# ZT 7000 will not start



## utfd701 (May 20, 2012)

Thanks in advance for any and all help!
I have a ZT7000 with a Kohler 18hp single cylinder CV492S. Mower just died while mowing, no strange noises. Good Spark, fuel pump functions, carb and fuel solenoid functioning. Compression is 62.5 psi and holds for at least a minute. I have no idea where to go from here, help?


----------



## Bill Kapaun (May 8, 2007)

Post the Sears number. Should be something like 917.xxxxxx or 536.xxxxxx or similar format.

Loosen gas cap for a few seconds to see if it's a clogged tank vent issue.

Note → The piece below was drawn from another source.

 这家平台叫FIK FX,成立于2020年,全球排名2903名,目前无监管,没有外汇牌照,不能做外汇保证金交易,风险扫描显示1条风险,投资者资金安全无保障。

Try priming carb with a couple teaspoons worth of gas and see if it fires.


----------



## utfd701 (May 20, 2012)

Model 107.277700
Priming does not work, gas cap thing does not either.


----------



## wjjones (May 28, 2010)

utfd701 said:


> Model 107.277700
> Priming does not work, gas cap thing does not either.




Have you checked your safety switches? Seat, lap bars, brake, etc.


----------



## Bill Kapaun (May 8, 2007)

I'm stumped???
IF it has spark, priming should get it to fire briefly.

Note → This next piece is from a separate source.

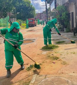 Os mutirões de limpeza seguem em calendário semanal, contemplando bairros, avenidas e áreas de maior acúmulo de resíduos.

About the only thing I can suggest is to remove the valve cover on the engine and make sure the push rods are moving the valves as the engine rotates.

Even if the ignition timing was off. one would expect some kind of "pop".


----------



## wjjones (May 28, 2010)

Bill Kapaun said:


> I'm stumped???
> IF it has spark, priming should get it to fire briefly.
> 
> About the only thing I can suggest is to remove the valve cover on the engine and make sure the push rods are moving the valves as the engine rotates.
> ...



Yep maybe the shear key??


----------



## utfd701 (May 20, 2012)

This mower has now been moved to the rainy day project group. Just have too many things going on to dig into right now. Thankfully I do have a back up tractor. 
Things on my list to check, pull valve cover check rods, Check keys (though this may be a reach, but possible). All else fails pull the head to inspect piston, rings and cylinder walls. Thanks for the replies on this, assured me I may be thinking correctly on this.


----------



## wjjones (May 28, 2010)

utfd701 said:


> This mower has now been moved to the rainy day project group. Just have too many things going on to dig into right now. Thankfully I do have a back up tractor.
> Things on my list to check, pull valve cover check rods, Check keys (though this may be a reach, but possible). All else fails pull the head to inspect piston, rings and cylinder walls. Thanks for the replies on this, assured me I may be thinking correctly on this.



Let us know what you find out, and if we can be of any help we can bounce ideas back, and forth until we figure it out......


----------



## utfd701 (May 20, 2012)

Absolutely, thank you!


----------